Alias for .end(), but doesn't require parentheses.
The method must not be applied out of the context mentioned above.
Raises RegexError otherwise.
Example:
pattern = (
SuperExpressive()
.string("prefix:")
.capture
.anyOf
.range(0, 9)
.char("-")
.range('a', 'f')
.string("something else")
.over
.over
.to_regex_string()
)
# 'prefix:((?:something else|[0-9\\-a-f]))'
[≈] .subexpression(expr: SuperExpressive, *, namespace: str = "", ignore_flags: bool = True, ignore_start_and_end: bool = True)
.sub(expr, *, namespace="", ignore_flags=True, ignore_start_and_end=True)
Matches another SuperExpressive instance inline.
Can be used to create libraries, or to modularise you code.
The expr parameter must be a correctly defined SuperExpressive object and must not conflict with start-of-input or end-of-input markers defined in the caller object (see also ignore_start_and_end parameter description below).
Raises RegexError otherwise.
Example:
hex_number = SuperExpressive().one_or_more.any_of.range(0, 9).range('A', 'F').end()
pattern = (
SuperExpressive()
.subexpression(hex_number)
.one_or_more.whitespace
.optional.subexpression(hex_number)
.to_regex_string()
)
# '[0-9A-F]+\\s+(?:[0-9A-F]+)?'
By default, flags and start/end of input markers are ignored, but can be explicitly turned on in the keyword parameters.

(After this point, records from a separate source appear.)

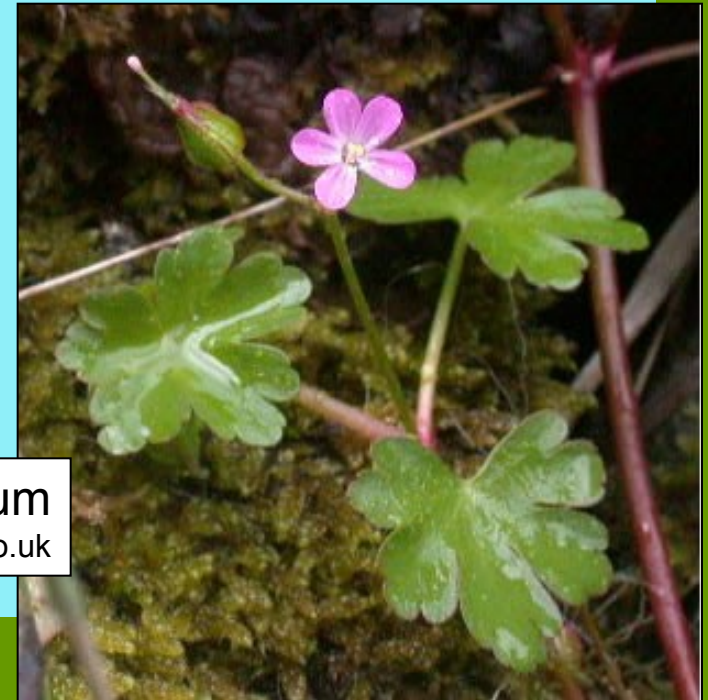
Geranium lucidum www.nature-diary.co.uk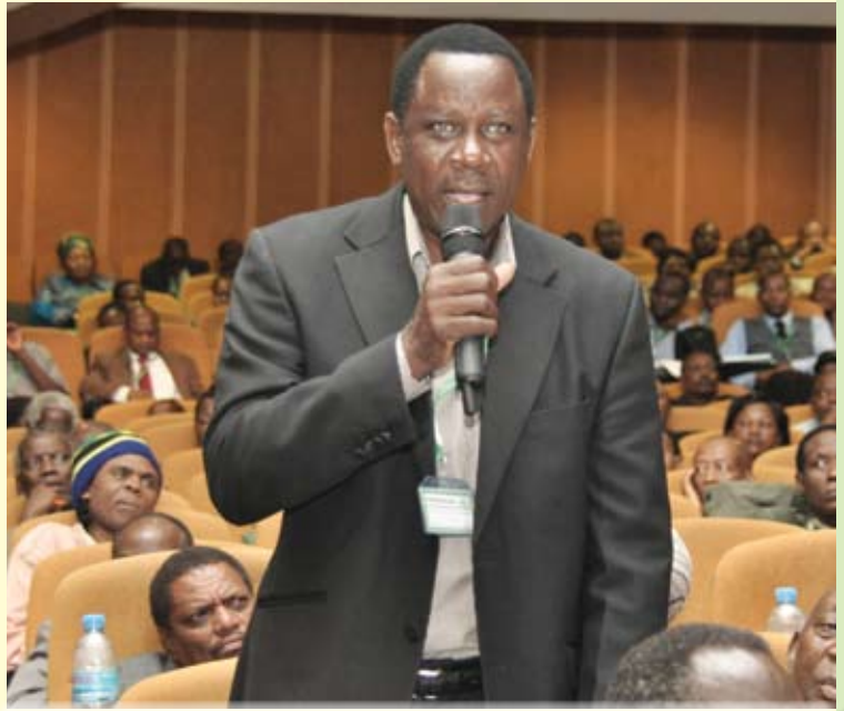
Mwanabisa akitoa maoni na kuuliza swali kwenye Mkutano Mkuu wa Ishirini wa Benki uliofanyika hivi karibuni Jijini Arusha.

Mkutano wa mwaka huu ulifana sana kwani ulihudhuriwa na wanahisa wengi ambao idadi yao ilikuwa zaidi ya elfu moja, waliowakilisha asilimia 75.6 ya hisa zote. Wanahisa hawa, walitoka sehemu mbalimbali za taifa letu na walikuwa wamejaa hamasa kubwa katika kutoa michango, mawazo na kuuliza maswali yaliyolenga kuboresha utendaji wa Benki na kuifanya iendelee kuongoza katika utoaji wa huduma bora za kifedha hapa nchini.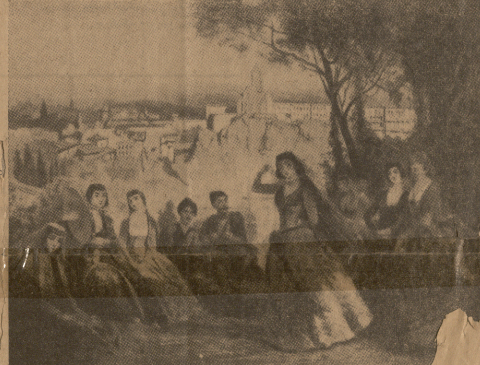
ცეკვა ძველ ტფილისში.

ლიც“, „მუშაც და გლეხიც“ მთელი რუსისი ერი და რუსეთის უზარმაზარი იმპერიის ყველა ერი გაანადგურა რეზიკურად და სულიერად. დღევანდელ დღემდე გრძელდება — დიქტატურა ვიცი თ ეს ჯოჯოხეთი, და ამ ჯოჯოხეთის დამკვიდრებას მარქსიზმი მთელი კულტურულ კაცობრიობას უქადის როგორც სამარადისო და „საუკეთესო“ წესს საზოგადოებრივი ცხოვრებისა. — როდესაც ისპანიაში პოლიტიკურ უფლებათა მოპოვებისათვის და სოციალური ცხოვრების გარდაქმნისათვის რევოლუცია მოხდა და ძველი რეჟიმი დაამხეს რევოლუციონერებმა, მარქსისტები დაეპატრონენ იქაც სახელმწიფოს და ისევე დაუწყეს განადგურება მთელი ერს და ისეთივე სიმეცით, როგორც რუსეთის იმპერიაში გაანადგურეს ერები იმავე მარქსისტებმა. საბედნიეროდ ისპანიის ერმა საკმარისი ძალა ჰპოვა თვის სიღრმეში, რომ მარქსისტული ჯოჯოხეთითგან თავი დაეხსნა, მაგრამ ამისთვის სამი წლის სამოქალაქო ომი დასჭირდა მას, და ამ ომისაგან დაღლილი ესპანია ჯერ კიდევ სრულიად ვერ გამომრთელვებულა. მ. წ. (გაგრძელება იქნება).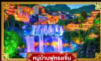
หมู่บ้านฟุทงเจิ้น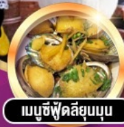
เมนูซีฟู้ดลิ้นมดุน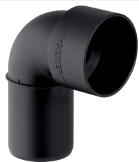
Figura di esempio

ignore_flags: If set to true, any flags this subexpression specifies should be disregarded (default isTrue).
Example:
hex_number = (
SuperExpressive()
.case_insensitive
.one_or_more.any_of
.range(0, 9)
.range('A', 'F')
.end()
)
pattern1 = (
SuperExpressive()
.subexpression(hex_number)
.one_or_more.whitespace
.optional.subexpression(hex_number)
.to_regex_string()
)
# '[0-9A-F]+\\s+(?:[0-9A-F]+)?'
pattern2 = (
SuperExpressive()
.subexpression(hex_number, ignore_flags=False)
.one_or_more.whitespace
.optional.subexpression(hex_number)
.to_regex_string()
)
# '(?i)[0-9A-F]+\\s+(?:[0-9A-F]+)?'
ignore_start_and_end: If set to true, any.start_of_input/.end_of_inputasserted in this subexpression specifies should be disregarded (default isTrue).
Example:
hex_number = (
SuperExpressive()
.start_of_input
.one_or_more.any_of
.range(0, 9)
.range('A', 'F')
.end()
.end_of_input
)
pattern1 = (
SuperExpressive()
.subexpression(hex_number)
.one_or_more.whitespace
.optional.subexpression(hex_number)
.to_regex_string()
)
# '[0-9A-F]+\\s+(?:[0-9A-F]+)?'
pattern2 = (
SuperExpressive()
.subexpression(hex_number)
.one_or_more.whitespace
.optional.subexpression(hex_number, ignore_start_and_end=False)
.to_regex_string()
)
# '[0-9A-F]+\\s+(?:^[0-9A-F]+$)?'
namespace: A string namespace to use on all named capture groups in the subexpression, to avoid naming collisions with your own named groups (default is"").
Example:
hex_number = (
SuperExpressive()
.named_capture("hex")
.one_or_more.any_of
.range(0, 9)
.range('A', 'F')
.end()
.end()
.named_backreference("hex")
)
#'(?P<hex>[0-9A-F]+)(?P=hex)'
pattern1 = (
SuperExpressive()
.subexpression(hex_number)
.one_or_more.whitespace
.optional.subexpression(hex_number, namespace="snd_")
.to_regex_string()
)
# '(?P<hex>[0-9A-F]+)(?P=hex)\\s+(?:(?P<snd_hex>[0-9A-F]+)(?P=snd_hex))?'
pattern2 = (
SuperExpressive()
.named_capture("hex")
.subexpression(hex_number, namespace="sub1_")
.one_or_more.whitespace
.optional.subexpression(hex_number, namespace="sub2_")
.end()
.named_backreference("hex")
.to_regex_string()
)
# '(?P<hex>(?P<sub1_hex>[0-9A-F]+)(?P=sub1_hex)\\s+(?:(?P<sub2_hex>[0-9A-F]+)(?P=sub2_hex))?)(?P=hex)'
[=] .to_regex()
.toRegex()
Outputs the regular expression pattern that this SuperExpression models.
[=] .to_regex_string()
.toRegexString().to_string().toString()
Outputs a string representation of the regular expression that this SuperExpression models.